話音未落,一眾人已然登城了,為首一名老者身姿挺拔,長鬚飄灑,頭戴長翅襆頭官帽,身著大紅色的官袍,石亨心知這可是二品以上大員才能用的服色,略一分神,便顧不得自己身披精鐵大鎧,用力彎下腰去。

“石亨見過部堂大人。”

“不必客套,聽說瓦剌人來了,情況如何?”

“情況不太妙,大人請仔細看那邊,瓦剌人正在用擄來的百姓打頭陣,估計用不了多久他們就能到城下了,這一招毒著呢,我們根本不好下手。”

於謙皺了皺眉,深深的吸了口氣。

“你帶兵多年,有什麼對應的法子?”

石亨略作沉吟,目中閃出一道精光。

“除非……,我軍主動派兵出城,先打他們個措手不及,若能取勝便可順勢將那些百姓收入城中。隻是如今我部既有山東的兵又有山西的兵,既有備倭軍又有新兵,東拚西湊良莠不齊倒在其次,關鍵是軍心不齊呐,一旦不能取勝,軍心再這麼一亂,後果不堪設想呐。”

於謙默然,緩緩向北邊望去,這石亨說的不無道理。

“部堂大人勿憂,這事包在我毛某人身上了!陣而後戰,兵法之常,運用之妙,存乎一心,這是從前嶽飛嶽武穆留下的話。”那毛福壽瞟了石亨一眼,咬著牙冷冷一笑,“待會我帶著八百京營弟兄出城之後,勞煩石兄立刻關閉城門,絕了我手下那些弟兄回城的念想。此去若不能取勝,今後毛某的家小就拜托兩位大人了。”
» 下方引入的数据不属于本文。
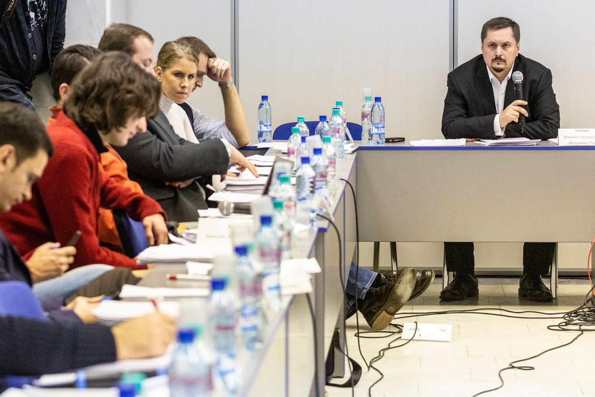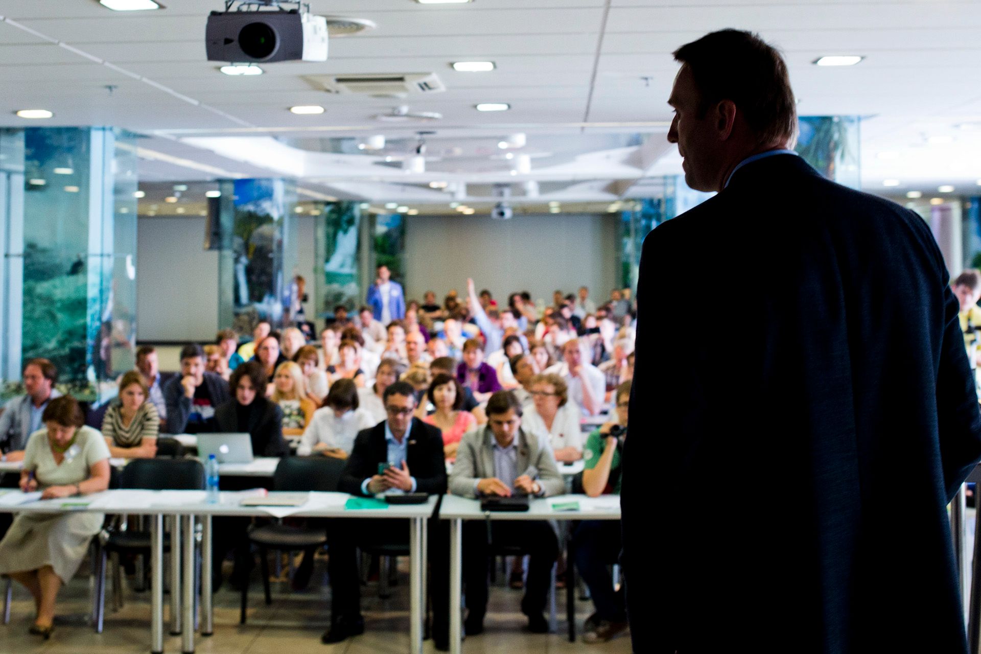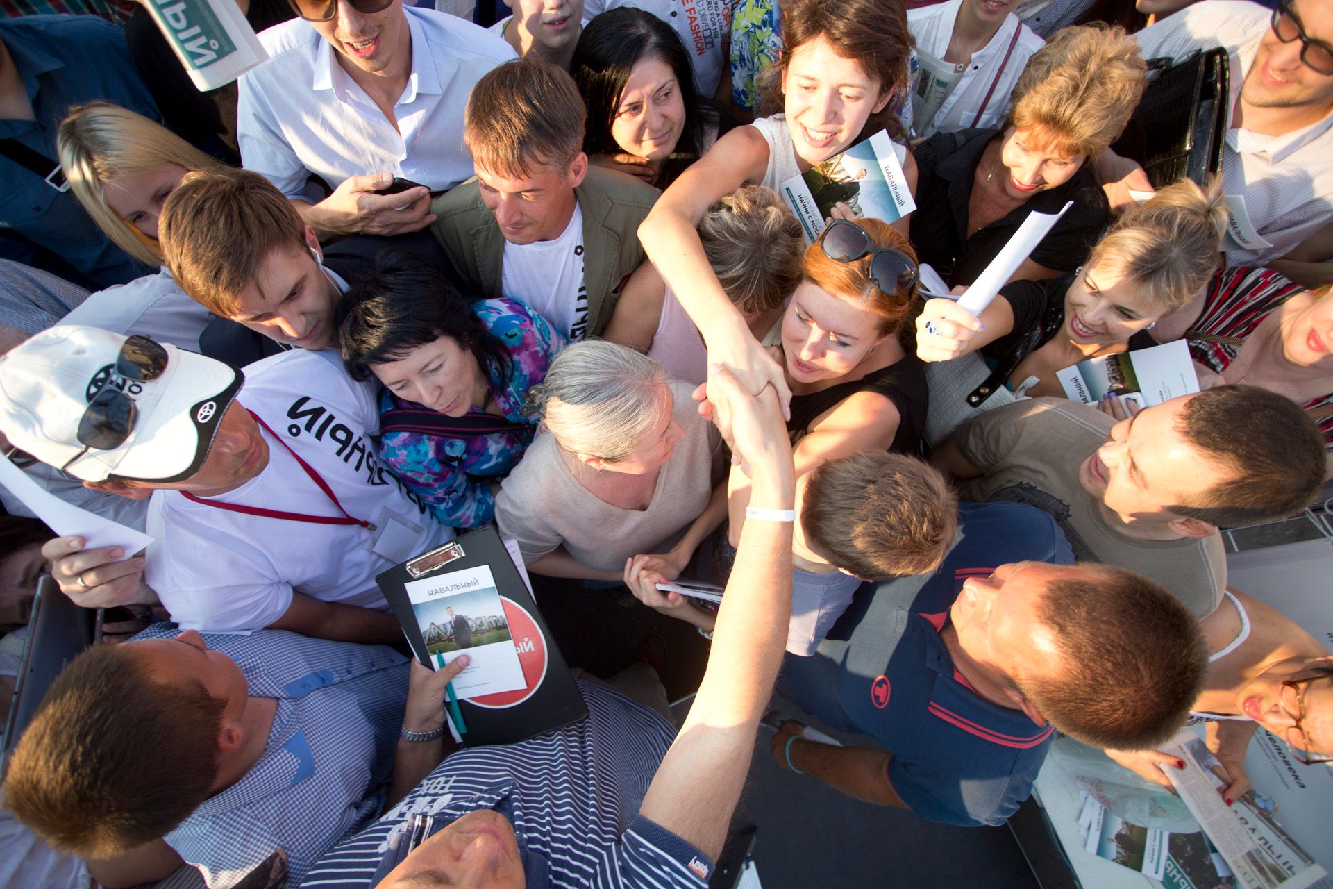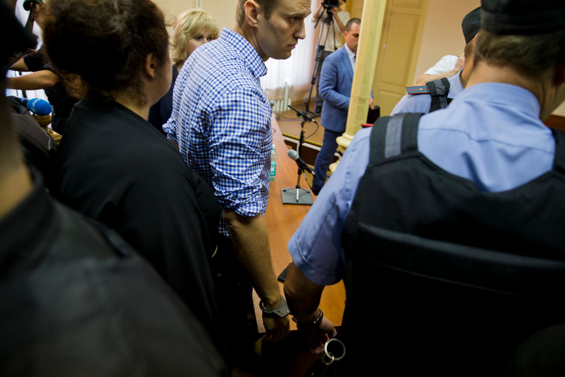 Евгений Фельдман 20 января. Четвертое заседание Координационного совета оппозиции. Справа — националист Владимир Тор, слева — Илья Яшин, Максим Кац, Любовь Соболь, Алексей Навальный. Оппозиционеры с трудом смогли собрать кворум для проведения заседания. Большинством голосов они проголосовали за проведение весной «Марша против палачей», а также призвали участников протестов 2012 года выступить свидетелями на заседаниях по «болотному делу».20 февраля. Депутат Госдумы Владимир Пехтин с парламентской трибуны объявляет о сложении депутатских полномочий. Это произошло после расследования ФБК о его незадекларированной квартире в Майами. Пехтин сначала заявлял, что заграничной недвижимости у него «практически нет», но всего через неделю был вынужден уйти из парламента.1 марта. Алексей Навальный в коридоре Басманного суда Москвы в перерыве между заседаниями. В тот день следователи добились продления ареста четырем фигурантам дела о «беспорядках» на Болотной площади 6 мая 2012 года.Андрей Смирнов / AFP / Scanpix / LETA 17 апреля. Алексей Навальный выступает перед журналистами с крыльца Ленинского районного суда в Кирове, где проходили слушания по делу «Кировлеса».Евгений Фельдман 25 апреля. Алексей Навальный в кировском суде задает вопросы Вячеславу Опалеву, главному свидетелю обвинения по делу «Кировлеса». Навального вместе с Петром Офицеровым обвиняли в хищении средств у государственного предприятия, так как они покупали у «Кировлеса» древесину, а затем перепродавали ее.Евгений Фельдман 6 мая. Алексей Навальный и его жена Юлия на сцене протестного митинга на Болотной площади в первую годовщину «Марша миллионов». Навальный закончил свою речь словами о том, что ему «некуда отступать»: «У меня нет другой страны, нет другой Москвы, нет другой семьи, нет другого народа, кроме вас!»Евгений Фельдман 15 мая. В ходе слушаний по делу «Кировлеса» около суда в Кирове регулярно проходили пикеты сторонников Навального. Несколько раз силовики мешали протесту и однажды изъяли плакат «Путин — вор».Евгений Фельдман 16 мая. Навальный с женой отдыхают на ступенях кукольного театра неподалеку от кировского суда в перерыве между заседаниями.Евгений Фельдман 15 июня. Алексей Навальный на форуме муниципальных депутатов — их подписи были необходимы для регистрации оппозиционера на выборах мэра Москвы. Накануне политик подал документы в Мосизбирком для участия в выборах.Евгений Фельдман 27 июня. Первый штаб мэрской кампании Навального. Активистка Оксана Баулина, ответственный за фандрайзинг Владимир Ашурков, глава штаба Леонид Волков, пресс-секретарь Анна Ведута и Алексей Навальный собирают подписи муниципальных депутатов.Евгений Фельдман Для регистрации на выборах Навальный должен был заручиться поддержкой 110 муниципальных депутатов, представляющих 110 районов Москвы. Во многих собраниях мандаты имели только единороссы — политик целыми днями звонил им, уговаривая поддержать свое выдвижение.Евгений Фельдман 30 июня. Сторонники Навального придумали использовать для уличной агитации металлические кубы с натянутыми на все грани плакатами. В один из дней Навальный присоединился к активистам, раздающим листовки — и укрылся от ливня вместе с прохожими под своим собственным портретом.Евгений Фельдман 10 июля. Мэрия предоставила Навальному 49 недостающих п
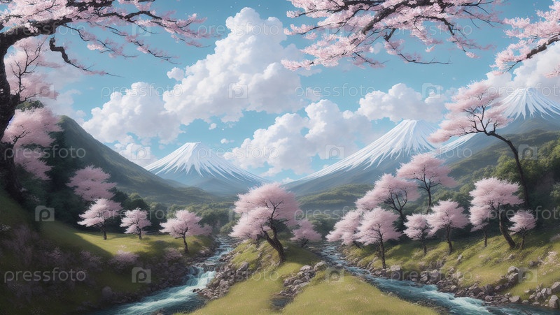 Горы и сакура
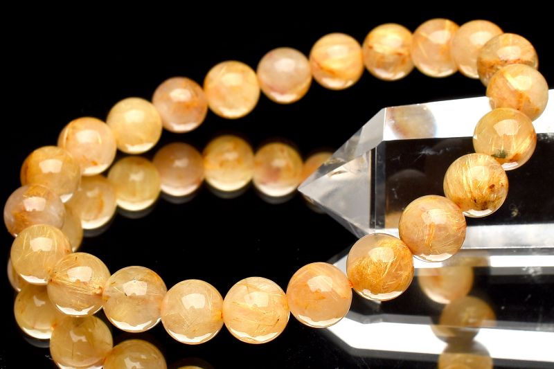 材質ゴールドタイチンルチルクォーツ 8.5mm 産地:ブラジル
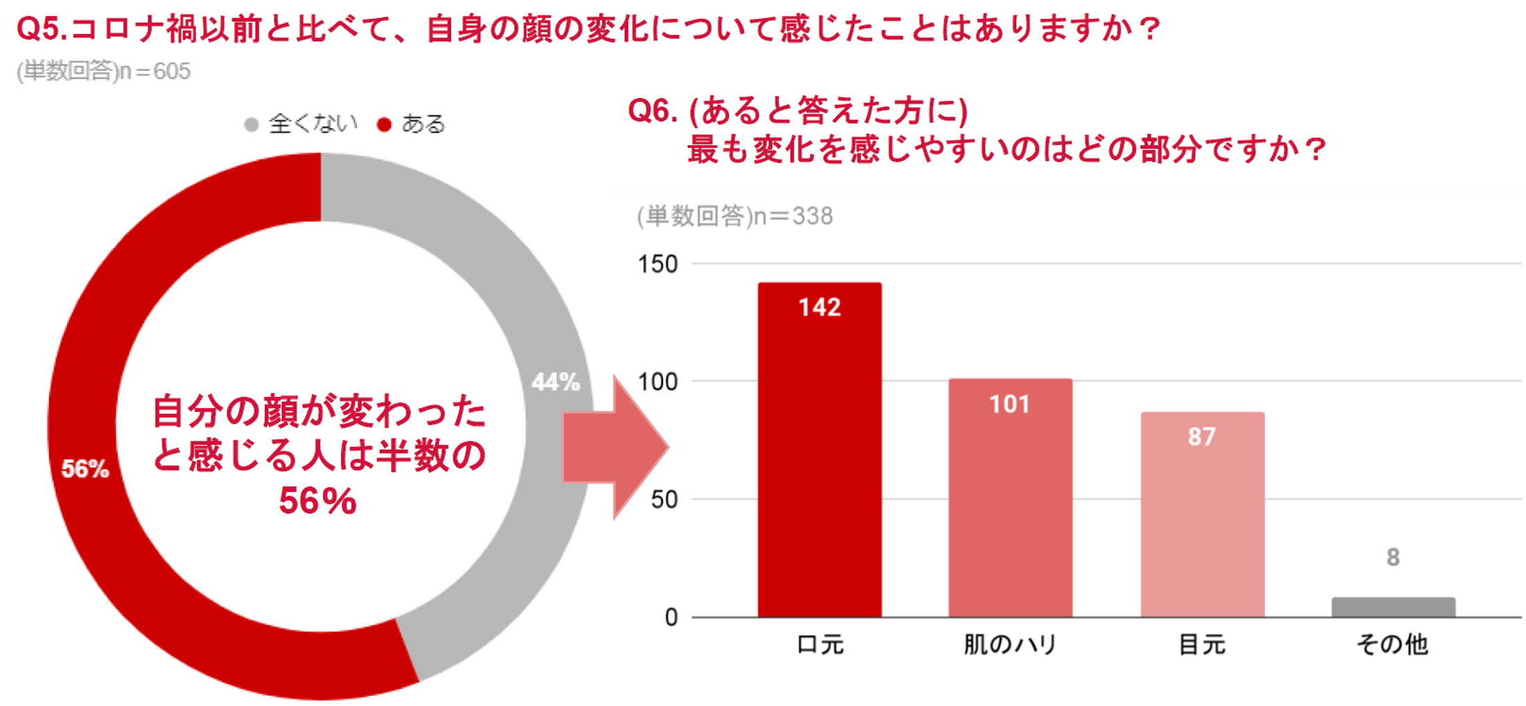 続いて、顔の変化に関してどのように感じているのか調査をおこないました。自身の顔について変化を感じると回答した方は全体の56%で、コロナ禍におけるこの3年間で半数以上が顔に変化を感じていると回答しました。特に変化を感じる部位として、最も多かったのは「口元」で142名(42%)という結果になりました。

“毛兄弟……!”石亨一愣,漲紅了臉,幾步過去抓住毛福壽的手,“我石亨絕非貪生怕死之輩,我再撥你三千騎兵,你我一同下去。”

毛福壽的手被他這麼一抓,愣住了。

“你是說……,你要與我一同下去?”

“我倆從前素未共事,又都是粗人,這些日子是有些相互齟齬看不過眼。”石亨原本緊繃的臉,突然臉一紅,“可過了今日,你我就是生死弟兄了!”

毛福壽重重嚥了口唾沫,眼眶一下子紅了,猛地扭過頭去。

“部堂大人,此去若我一人獨回,請砍了我腦袋懸於城頭!”

兩人攜手聯袂便走,於謙目送兩人的背影漸去漸遠,猛地一擺手道:“取我甲來。”

不多時,數個方陣的明軍,列成陣列集結在德勝門甕城內的平地上,他們個個擎著火銃和刀槍挺立在陽光之下,十多個錦衣衛縱馬穿插來回巡視,百餘名將校則如雁翅般分列軍陣前方,陣前一員老將一身精鍛山紋甲,正是全身披掛已畢的於謙。

數乘快馬飛馳而至,為首之人滾下馬來。

“於部堂,屬下奉命趕到!”

恰在這時,甕城側麵的大門緩緩開啟,於謙臉上的神色一下子變得莊重起來,他轉過頭,炯炯有神的目光注視著那地上的兵部侍郎吳寧。

“吳寧,待我出城後傳我軍令,京師二十二萬大軍全部出城,列陣迎敵!”

“屬下遵命!”

“大軍出城後立刻關閉九門,有敢擅自放兵入城者殺無赦!”

“屬下遵命!”

“由錦衣衛在城內巡查,但凡發現有軍士穿著號服盔甲不出城作戰者殺無赦!”

“遵命!”

“守城將士,必英勇殺敵,今日便是死戰之時!臨陣,將不顧軍先退者,斬其將!軍不顧將先退者,後隊斬前隊!”

“遵命!!”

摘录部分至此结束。